The quality of the quantitation depends, amongst other factors, on how well theoretical models describe experimental NMR resonances. Careful analysis shows that even a flexible model like the Generalized Lorentzian cannot precisely fit all possible experimental lineshapes, as evidenced by non-zero fitting residual in Figure 3.
In order to overcome some of the limitations of GSD, we have now introduced qGSD (quantitative GSD), available in Mnova 12. It is based on careful analysis of the residuals after GSD processing, and correcting GSD lineshapes in a way which minimizes the residuals. In Figure 5 we can see that now the residues are significantly smaller compared to the results obtained with plain GSD.
Figure 5. 1H NMR spectrum of Santonine. Integrals calculated using qGSD
Using qGSD with Mnova 12
In order to enable qGSD, it is necessary to access to the Peak Picking options in Mnova making sure that GSD method is selected (see Figure 6).
Figure 6. Enabling qGSD in Mnova
Next, under the Advanced options, qGSD check box must be ticked and an appropriate number of Improvement cycles selected. A number between 5 and 10 usually gives good results. However, it is important to bear in mind that qGSD is computationally intensive: can take a couple of minutes, especially with a large number of cycles.

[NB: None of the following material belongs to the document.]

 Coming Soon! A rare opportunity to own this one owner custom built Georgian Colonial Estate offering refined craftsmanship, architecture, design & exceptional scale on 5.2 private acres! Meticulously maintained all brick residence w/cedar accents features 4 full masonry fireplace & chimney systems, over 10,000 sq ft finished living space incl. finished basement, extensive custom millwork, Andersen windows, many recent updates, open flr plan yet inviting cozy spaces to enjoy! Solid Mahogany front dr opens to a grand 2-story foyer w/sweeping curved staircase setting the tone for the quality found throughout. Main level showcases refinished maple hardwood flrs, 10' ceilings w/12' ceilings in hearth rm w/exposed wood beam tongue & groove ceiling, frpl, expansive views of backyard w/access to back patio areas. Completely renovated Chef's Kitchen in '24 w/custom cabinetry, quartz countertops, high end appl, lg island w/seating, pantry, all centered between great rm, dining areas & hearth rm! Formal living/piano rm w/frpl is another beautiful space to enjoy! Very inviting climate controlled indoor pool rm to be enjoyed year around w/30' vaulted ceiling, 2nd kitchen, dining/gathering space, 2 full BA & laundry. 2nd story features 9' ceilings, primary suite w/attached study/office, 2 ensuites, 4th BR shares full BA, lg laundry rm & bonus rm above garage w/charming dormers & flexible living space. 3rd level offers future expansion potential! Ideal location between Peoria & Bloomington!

For this reason, it is recommended to use qGSD only when highly accurate integrals are needed. For other applications, such as multiplet analysis, or structure confirmation, plain GSD would be a more efficient method.

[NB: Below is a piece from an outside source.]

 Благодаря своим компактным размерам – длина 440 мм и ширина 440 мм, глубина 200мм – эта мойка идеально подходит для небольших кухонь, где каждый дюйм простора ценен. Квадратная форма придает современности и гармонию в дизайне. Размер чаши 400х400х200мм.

qGSD with poorly shimmed spectra
To illustrate the lineshape flexibility offered by qGSD, a poorly shimmed spectrum has been used with GSD and qGSD (Figure 7). It is clear that qGSD does a much better job. That said, this should not not be a replacement for a properly acquired spectrum.
Figure 7. qGSD vs GSD on a poorly shimmed spectrum
Conclusions
qGSD (quantitative Global Spectral Deconvolution) represents Mnova’s latest innovation that combines the power of deconvolution techniques to handle overlapped signals with the robustness of sum integration of isolated resonances but with the ability to deal efficiently with overlapped peaks.
Our preliminary tests demonstrate that qGSD is able to provide accuracy which is supperior to the sum integration even when there is signal overlap
References
[1] W. G. Proctor, E C.Yu, Phys. Rev 77,717 (1950)
[2] H. S. Jarrett, M. S. Sadler, and J. N. Shoolery, J. Chem. Phys., 1953, 21, 2092.